Review
Trax Records
Trax Box
Right. Lets get the elephant in the room out of the room as quick as possible. The artwork. It's horrible, but I don't listen to music so I can look at artwork. Yes, I like looking at nice things but this is about the music and what is inside. Later Nelly.
I was going to say if you like House music and have any interest in its history you need this, but lets be honest you don't 'need' anything in life bar food, sex, family and a cuddle from time to time. So I'll start over.
If you like House music this is a very nice thing to look at owning. Harmless, the label here, have done the correct thing and remastered the whole Trax catalogue and presented it as series of CDs - A & B sides. What this means is that in this box that costs something like £50, you get every release from TX101 (I had to look at that I didn't know it off by heart honest) through to TX179. 75 records of gold period House music remastered onto CD. This makes me happy for one as every digital copy I've ever had of Mr Fingers' 'Can You Feel It' has not been right.
The chaps at the label have also created a 100 page booklet that runs alongside the compilation discussing each release and giving the label a context in which to live. So what is that context?
Trax as we know was built on crappy recycled vinyl and dodgy business practice but also born at the birth of house with some of the most cutting edge producers to this day on board. Frankie Knuckles, Marshall Jefferson (hero), Adonis, Jamie Principle, Master C& J, Farley 'Jackmaster' Funk, Phuture and Larry Heard a.k.a Mr Fingers.
You sort of get so used to hearing this music (and seeing it around you) that sometimes you have to stop, take a step back and reappraise. This is what they've done and when you look at it (and it is a recurring theme for me) as the sound of machines with soul given life by a new genre of music and young kids sharing equipment around then you start to see it all with a fresh set of eyes.
I love the story of Marshall Jefferson going out and spending a huge amount of money on equipment he had no idea about or how to work and all his mates cracking up at him but as they say he who laughs last and one thing Marshall Jefferson can do alongside make a classic house record is laugh. And he's loud. Anyway, we digress. The book that comes with this set starts with the quote, 'The street finds its own use for things' from William Gibson. You can apply that to many things (skateboarding for example) but here lets talk 303's, 606's, 808s and 909s. Thank you Roland. You made a lot of young people very very happy.
We know Disco bred House and we know the story of Farley's foot (Farley Funk putting a kick under Disco records and creating a genre) and we know the story of 'On & On' by Jesse Saunders laying claim to be the first record to make it to wax, but alongside this you had the Marshalls, the Larry Heards and the Jamie Principles (a bedroom Prince if there ever was one). People with soul bones itching to get their music out as quickly as possible to hear it in the local nightclubs or hopefully at the hands of Ron Hardy.

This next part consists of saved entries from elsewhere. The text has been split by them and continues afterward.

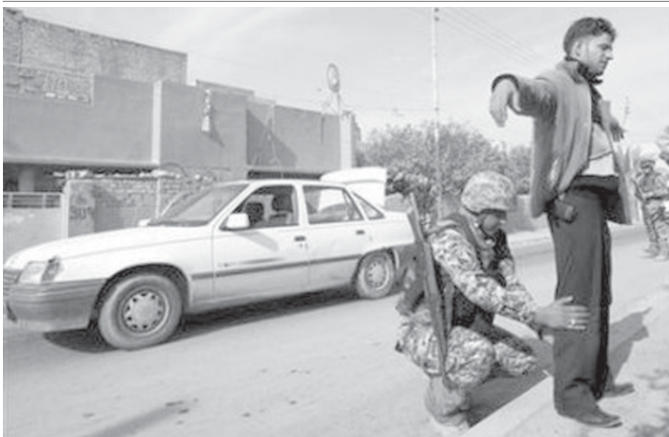
A policeman frisks a motorist in Baghdad's Doura district on 27 Jan, 2009.

"KTK distributes various kinds of NTN bearings but was not appointed as the Sole Agent of NTN products in Myanmar."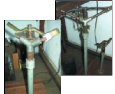
Some of the many early Rain Bird sprinkler prototypes.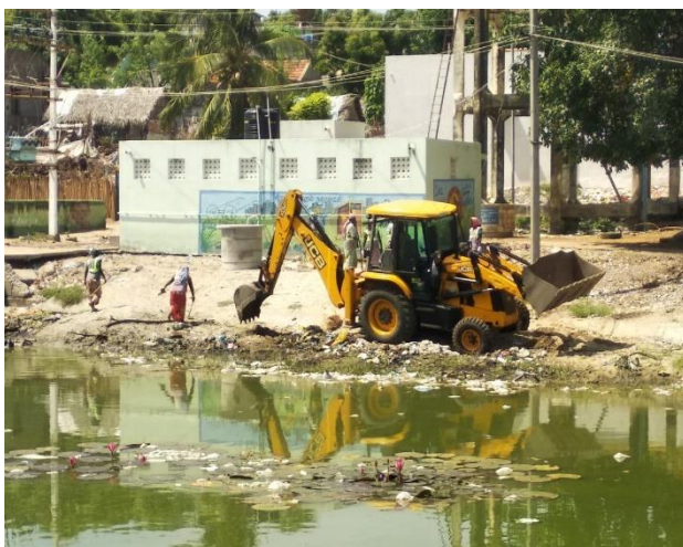
JCB in work

As per the request from the locals on August 14, 2020 Angayarkanni Temple tank located in the Muthuramalinga Thevar Nagar has been desilted and cleaned using JCB and Hand in Hand India Waste Management workers and few more volunteers.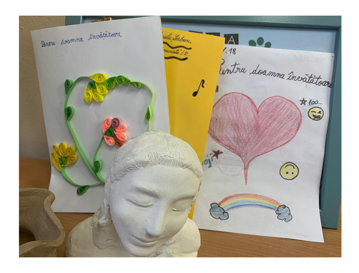
Urari Pentru Doamna Invatatoare De Sfarsit De An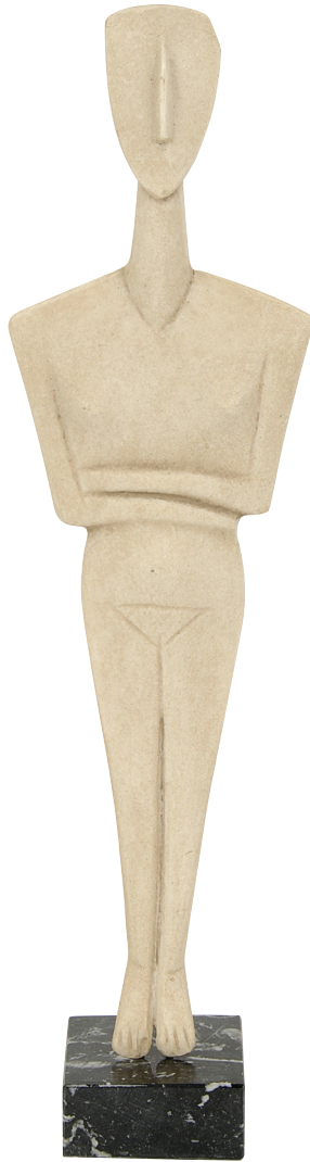
Copy of a female figurine with folded arms.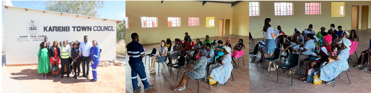
First Picture: Karibib Town Council and Usakos Town Council meet to discuss collaborations with the two towns. Second and Third Pictures: The Safe Food Handling and Financial Management training with the Early Childhood Education teachers.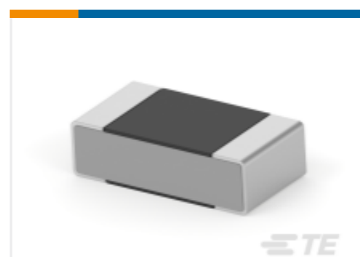
TE Part #9-1879140-4 RN 0603 174K 0.1% 10PPM 5K RL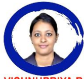
VISHNUPRIYA B BIOTECH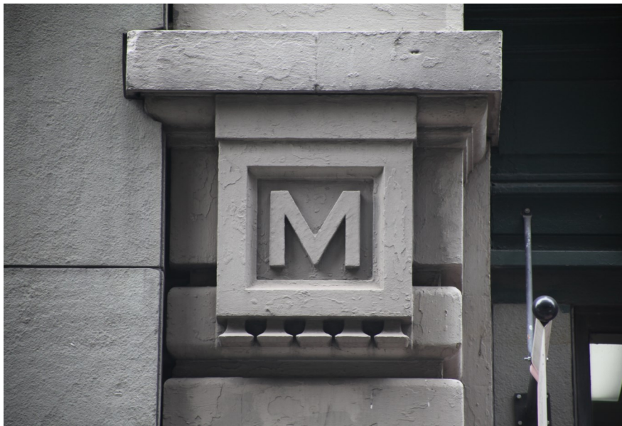
Mills Hotel No. 3 Detail Upper Stories and Cornice Photo: Christopher D. Brazee, June 2012 Detail West 36th Street Entrance Surround Photo: Christopher D. Brazee, May 2010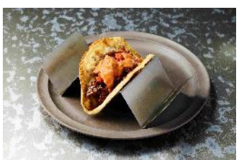
Blue Entrance Kitchen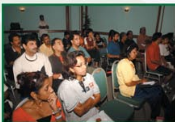
Hmmm what to wear tonight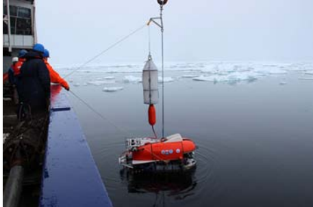
The Nereid Under Ice vehicle is launched from the Alfred Wegener Institute's ice-breaker Polarstern during an expedition in the summer of 2014

Scientists studying the harsh and rapidly changing Arctic environment now have a valuable new tool to advance their work—an innovative robot, designed and built at the Woods Hole Oceanographic Institution (WHOI) that is changing the way scientists can interact with and observe the polar environment.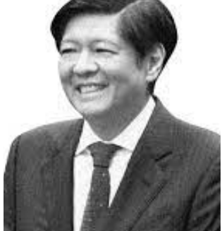
Pres. Ferdinand “Bongbong” R. Marcos, Jr.

The DA and other stakeholders said the program made a dent on the sta-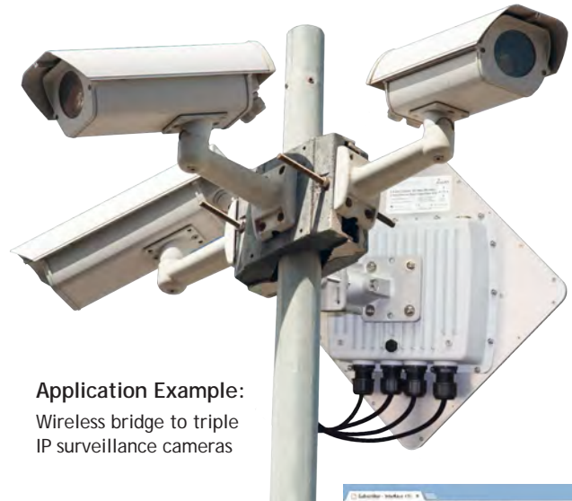
Application Example: Wireless bridge to triple IP surveillance cameras

The producers put House and its creation at the feet of Hardy. A DJ with a notorious attitude to life and a high energy sound but also one with the ability to drop a slow number like 'Maureen' by Sade or a weird German pop record and make it work. So we have Farley and his foot, and Marshall (and his ecstasy strings) making tracks and getting them played on cassette via Hardy. This in turn leads to labels getting on board and Trax starting. Maybe a quick buck was seen at the time but the scale of sales must have taken them by surprise at the label. I imagine they saw it as very much a localised Chicago scene but when the phone starts ringing from London and you have Pete Tong at a major label wanting to sign your artists then you know you're onto something. Trax did and they got it right over and over again.
And then along comes a young DJ Pierre with a box made for bass practice that he had abused, and as Gibson is saying, took somewhere totally different to that that its creator intended. The 303 was, and is, the sound of Acid House. It's even the name. And as names go I am not sure you get a tighter fit. It squelches and makes total sense over a very simple raw rhythm. Pierre sussed this and let it ride. If you've never er released your body to an Acid record on the dance floor with 100 like minded souls then you are missing one of the finest things in life.
So how did it end? Well the business got messy, people felt they weren't being paid but that's not the point here. As Jefferson says, 'Everybody in Chicago at that time got their education down at Trax Records.' This box is the roots and history in one place and it'll be worth every penny of your hard earned. This box IS House music. Let's go.
The Trax Box is out now on Harmelss Records via Demon.